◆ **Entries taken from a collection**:
* * * * *

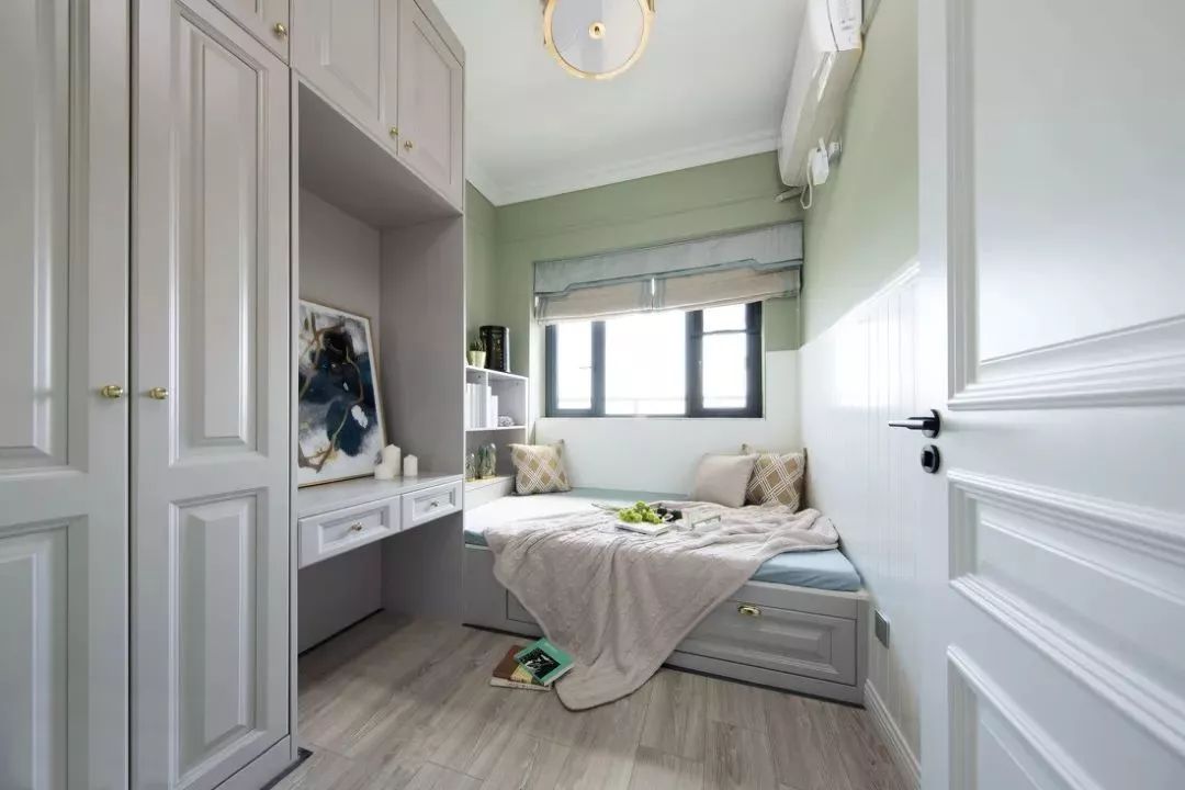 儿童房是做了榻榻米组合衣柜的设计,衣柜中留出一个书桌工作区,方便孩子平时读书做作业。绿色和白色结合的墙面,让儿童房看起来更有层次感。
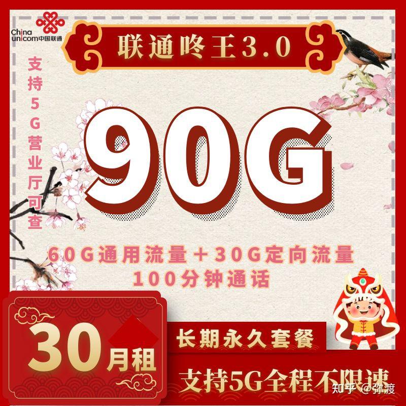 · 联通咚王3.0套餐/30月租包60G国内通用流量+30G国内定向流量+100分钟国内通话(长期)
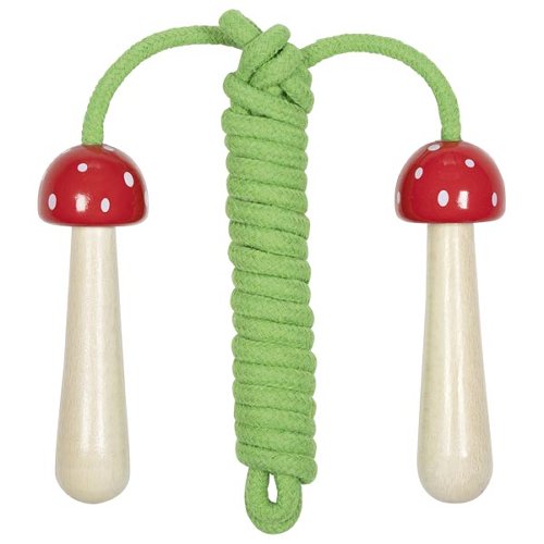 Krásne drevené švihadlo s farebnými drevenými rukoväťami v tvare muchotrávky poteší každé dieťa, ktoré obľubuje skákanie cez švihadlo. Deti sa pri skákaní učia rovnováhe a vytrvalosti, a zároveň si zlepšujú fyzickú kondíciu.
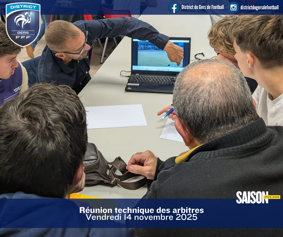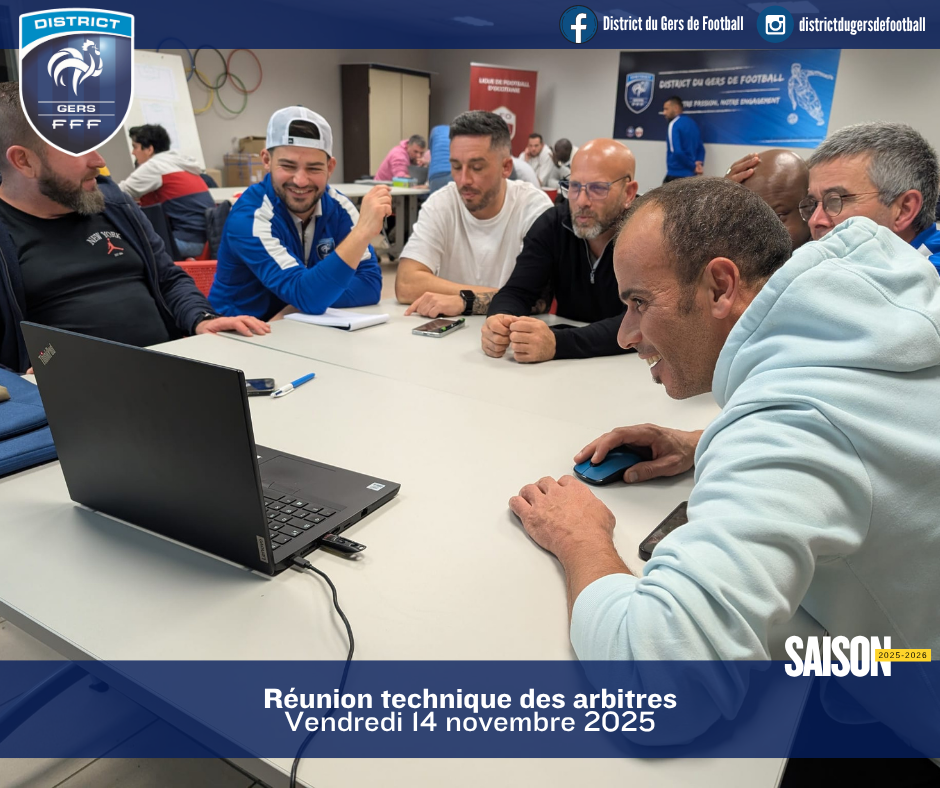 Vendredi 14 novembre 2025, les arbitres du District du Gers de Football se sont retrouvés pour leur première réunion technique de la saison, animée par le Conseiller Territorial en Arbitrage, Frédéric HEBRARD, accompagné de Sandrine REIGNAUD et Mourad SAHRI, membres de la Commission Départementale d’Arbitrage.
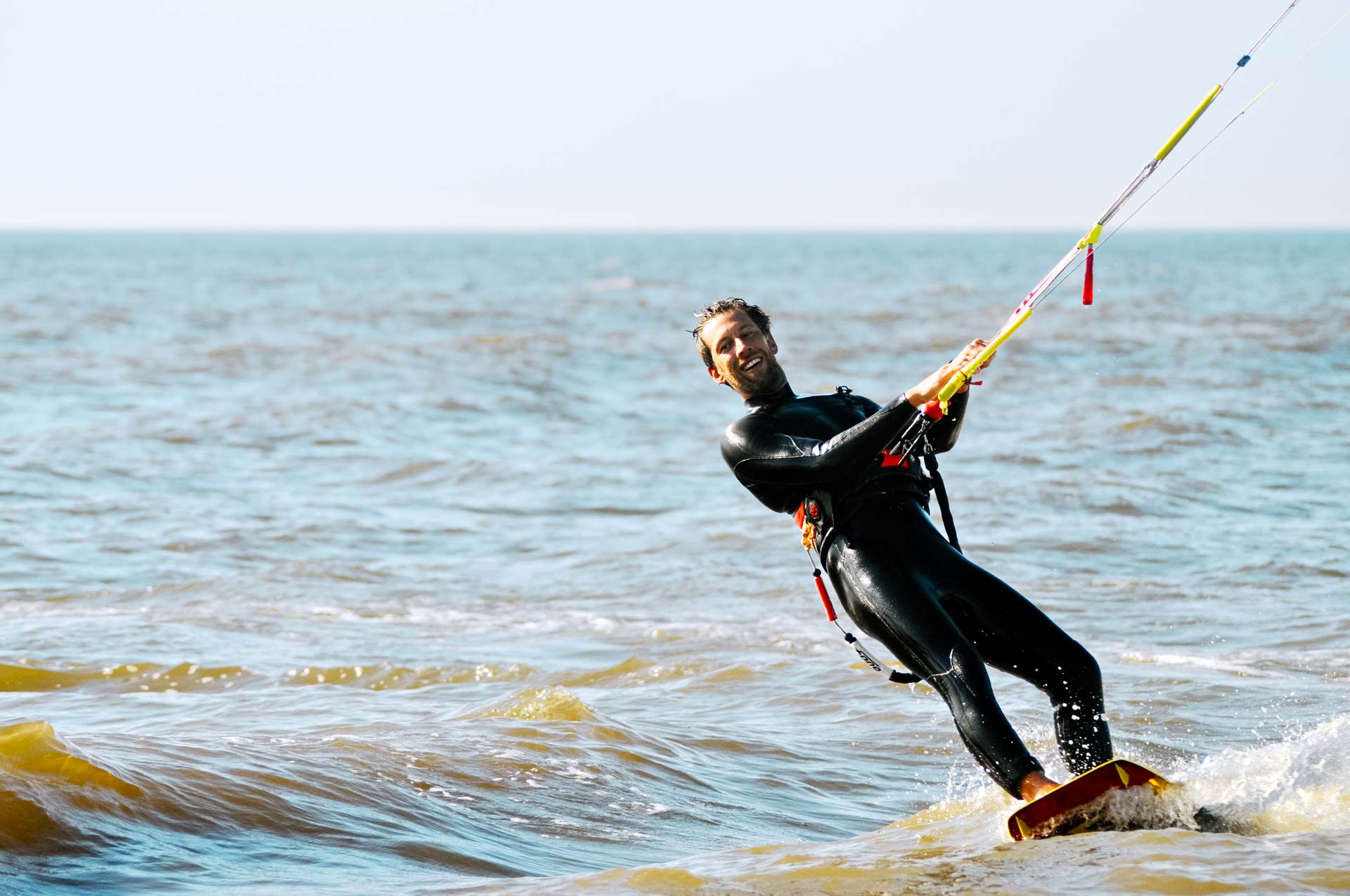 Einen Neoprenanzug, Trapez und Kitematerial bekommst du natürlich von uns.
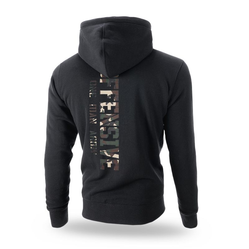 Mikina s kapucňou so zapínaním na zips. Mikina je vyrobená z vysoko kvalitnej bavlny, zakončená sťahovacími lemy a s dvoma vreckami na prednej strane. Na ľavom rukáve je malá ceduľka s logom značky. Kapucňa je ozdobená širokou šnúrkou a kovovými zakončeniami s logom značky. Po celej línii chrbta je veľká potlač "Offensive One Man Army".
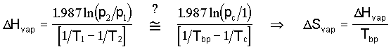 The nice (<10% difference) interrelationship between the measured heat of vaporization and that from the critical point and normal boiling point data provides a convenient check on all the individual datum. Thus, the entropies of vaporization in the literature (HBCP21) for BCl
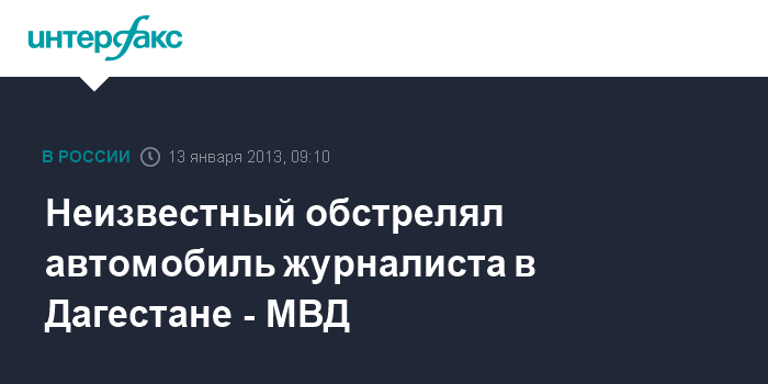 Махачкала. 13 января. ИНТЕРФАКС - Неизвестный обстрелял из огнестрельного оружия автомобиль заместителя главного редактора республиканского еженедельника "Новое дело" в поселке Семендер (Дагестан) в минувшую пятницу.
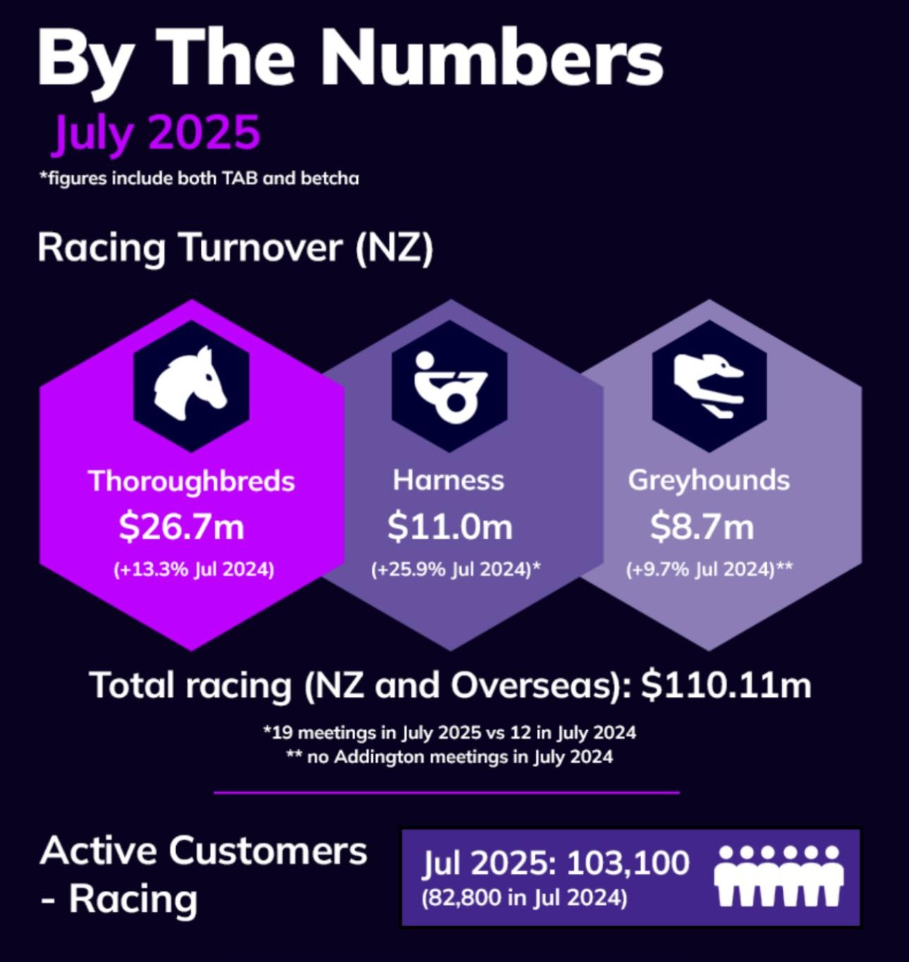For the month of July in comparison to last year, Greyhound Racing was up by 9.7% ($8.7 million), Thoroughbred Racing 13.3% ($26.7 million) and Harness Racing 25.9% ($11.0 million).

* * * * *

Output exactly the lines above, from the line with "Mikina s kapucňou" to the line with "Махачкала. 13 января.", both included; skip the pictures.

 Mikina s kapucňou so zapínaním na zips. Mikina je vyrobená z vysoko kvalitnej bavlny, zakončená sťahovacími lemy a s dvoma vreckami na prednej strane. Na ľavom rukáve je malá ceduľka s logom značky. Kapucňa je ozdobená širokou šnúrkou a kovovými zakončeniami s logom značky. Po celej línii chrbta je veľká potlač "Offensive One Man Army".
 The nice (<10% difference) interrelationship between the measured heat of vaporization and that from the critical point and normal boiling point data provides a convenient check on all the individual datum. Thus, the entropies of vaporization in the literature (HBCP21) for BCl
 Махачкала. 13 января. ИНТЕРФАКС - Неизвестный обстрелял из огнестрельного оружия автомобиль заместителя главного редактора республиканского еженедельника "Новое дело" в поселке Семендер (Дагестан) в минувшую пятницу.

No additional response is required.